Records from a data collection:
☆ ☆ ☆
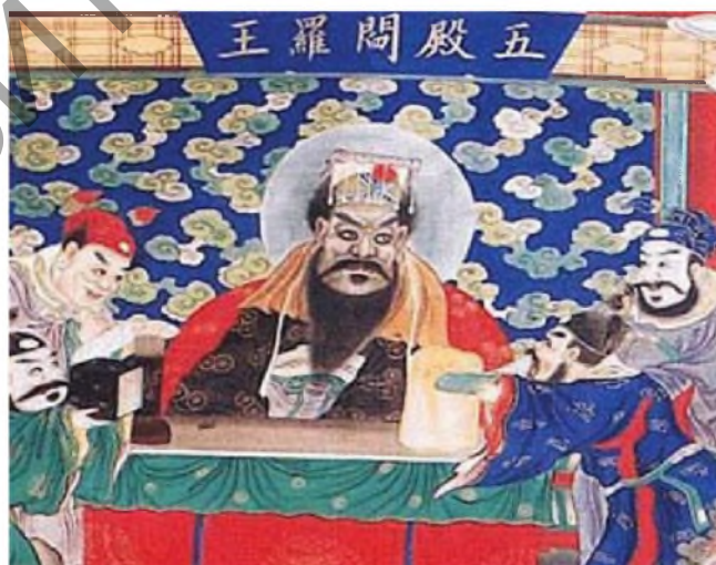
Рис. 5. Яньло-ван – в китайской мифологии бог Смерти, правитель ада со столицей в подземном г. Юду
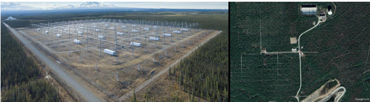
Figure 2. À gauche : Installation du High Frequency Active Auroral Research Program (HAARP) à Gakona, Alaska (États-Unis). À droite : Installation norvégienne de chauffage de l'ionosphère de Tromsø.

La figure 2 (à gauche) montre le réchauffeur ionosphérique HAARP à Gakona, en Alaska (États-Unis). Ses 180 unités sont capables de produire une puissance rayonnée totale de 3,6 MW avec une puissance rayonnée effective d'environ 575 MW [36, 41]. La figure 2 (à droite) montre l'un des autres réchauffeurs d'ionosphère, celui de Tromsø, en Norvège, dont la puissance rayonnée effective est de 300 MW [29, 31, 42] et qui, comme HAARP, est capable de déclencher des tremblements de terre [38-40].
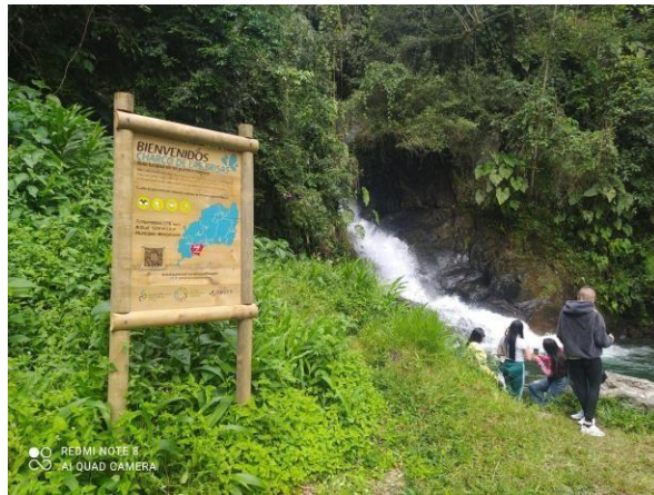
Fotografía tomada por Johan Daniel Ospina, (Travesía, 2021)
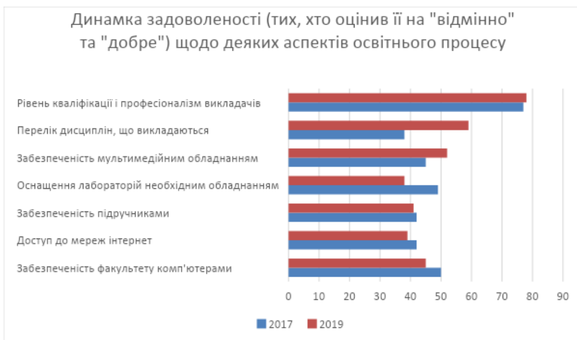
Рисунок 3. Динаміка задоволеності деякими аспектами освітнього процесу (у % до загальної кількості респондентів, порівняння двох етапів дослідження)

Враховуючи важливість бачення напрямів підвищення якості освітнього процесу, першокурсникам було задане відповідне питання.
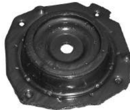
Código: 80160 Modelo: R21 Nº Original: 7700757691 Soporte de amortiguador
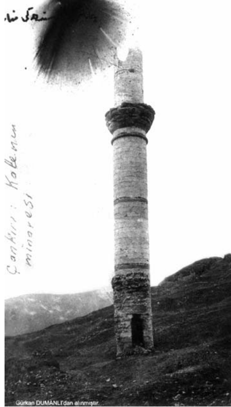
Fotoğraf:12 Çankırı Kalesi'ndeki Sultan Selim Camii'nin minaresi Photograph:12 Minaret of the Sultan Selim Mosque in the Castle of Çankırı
☆ ☆ ☆
• _TASK_
Whichever lines of the data include the word "HAARP", pull them out.

• _RESULT FOR THIS EXERCISE_
Figure 2. À gauche : Installation du High Frequency Active Auroral Research Program (HAARP) à Gakona, Alaska (États-Unis). À droite : Installation norvégienne de chauffage de l'ionosphère de Tromsø.
La figure 2 (à gauche) montre le réchauffeur ionosphérique HAARP à Gakona, en Alaska (États-Unis). Ses 180 unités sont capables de produire une puissance rayonnée totale de 3,6 MW avec une puissance rayonnée effective d'environ 575 MW [36, 41]. La figure 2 (à droite) montre l'un des autres réchauffeurs d'ionosphère, celui de Tromsø, en Norvège, dont la puissance rayonnée effective est de 300 MW [29, 31, 42] et qui, comme HAARP, est capable de déclencher des tremblements de terre [38-40].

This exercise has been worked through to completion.